[WHAT TO WORK ON]: Look through the listing underneath for "para", and copy every line that has it.
-- DATA SUPPLIED follows --
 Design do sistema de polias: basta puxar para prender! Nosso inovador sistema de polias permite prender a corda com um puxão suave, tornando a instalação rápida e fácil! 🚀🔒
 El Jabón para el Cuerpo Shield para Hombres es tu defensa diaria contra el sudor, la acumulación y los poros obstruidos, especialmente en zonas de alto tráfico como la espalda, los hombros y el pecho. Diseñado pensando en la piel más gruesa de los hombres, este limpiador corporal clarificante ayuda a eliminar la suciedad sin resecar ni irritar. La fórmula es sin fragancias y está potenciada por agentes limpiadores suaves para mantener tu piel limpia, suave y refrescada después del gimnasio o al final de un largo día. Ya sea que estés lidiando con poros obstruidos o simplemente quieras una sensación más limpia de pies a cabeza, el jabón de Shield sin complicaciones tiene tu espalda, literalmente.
-- DATA SUPPLIED concluded --
-- DATA SUPPLIED follows --
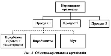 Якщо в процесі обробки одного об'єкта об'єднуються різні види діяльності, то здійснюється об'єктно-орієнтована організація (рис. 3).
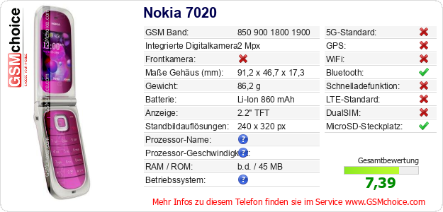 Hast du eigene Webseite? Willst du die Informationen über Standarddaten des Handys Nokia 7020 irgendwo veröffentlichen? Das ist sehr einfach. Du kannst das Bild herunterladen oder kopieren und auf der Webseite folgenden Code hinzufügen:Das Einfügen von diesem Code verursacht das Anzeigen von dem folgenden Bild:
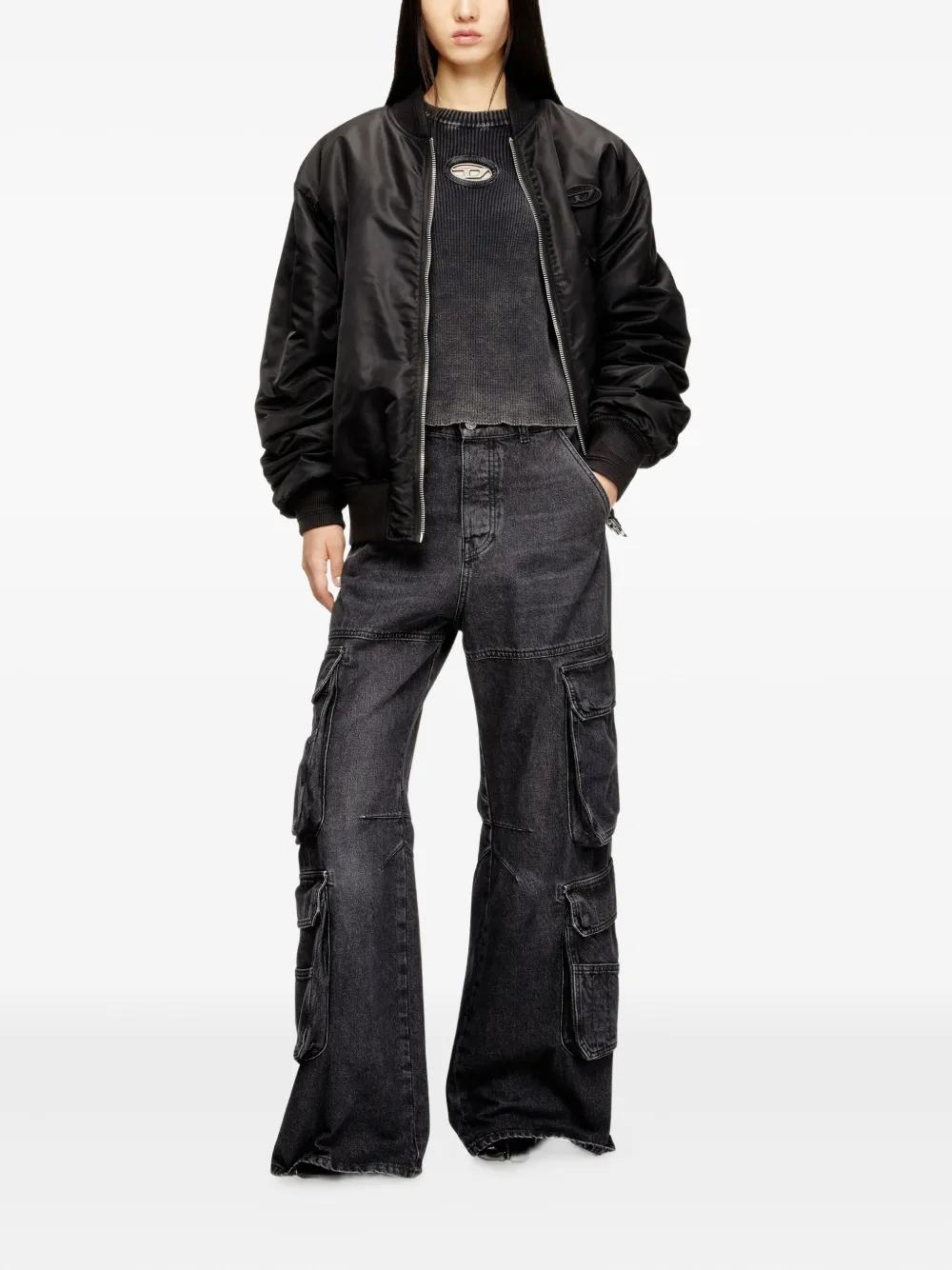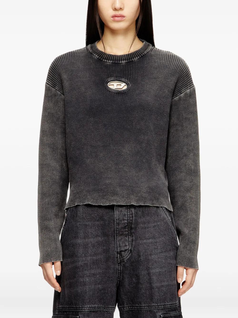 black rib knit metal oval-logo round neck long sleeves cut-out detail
-- DATA SUPPLIED concluded --
[ANSWER SECTION]:
 Design do sistema de polias: basta puxar para prender! Nosso inovador sistema de polias permite prender a corda com um puxão suave, tornando a instalação rápida e fácil! 🚀🔒
 El Jabón para el Cuerpo Shield para Hombres es tu defensa diaria contra el sudor, la acumulación y los poros obstruidos, especialmente en zonas de alto tráfico como la espalda, los hombros y el pecho. Diseñado pensando en la piel más gruesa de los hombres, este limpiador corporal clarificante ayuda a eliminar la suciedad sin resecar ni irritar. La fórmula es sin fragancias y está potenciada por agentes limpiadores suaves para mantener tu piel limpia, suave y refrescada después del gimnasio o al final de un largo día. Ya sea que estés lidiando con poros obstruidos o simplemente quieras una sensación más limpia de pies a cabeza, el jabón de Shield sin complicaciones tiene tu espalda, literalmente.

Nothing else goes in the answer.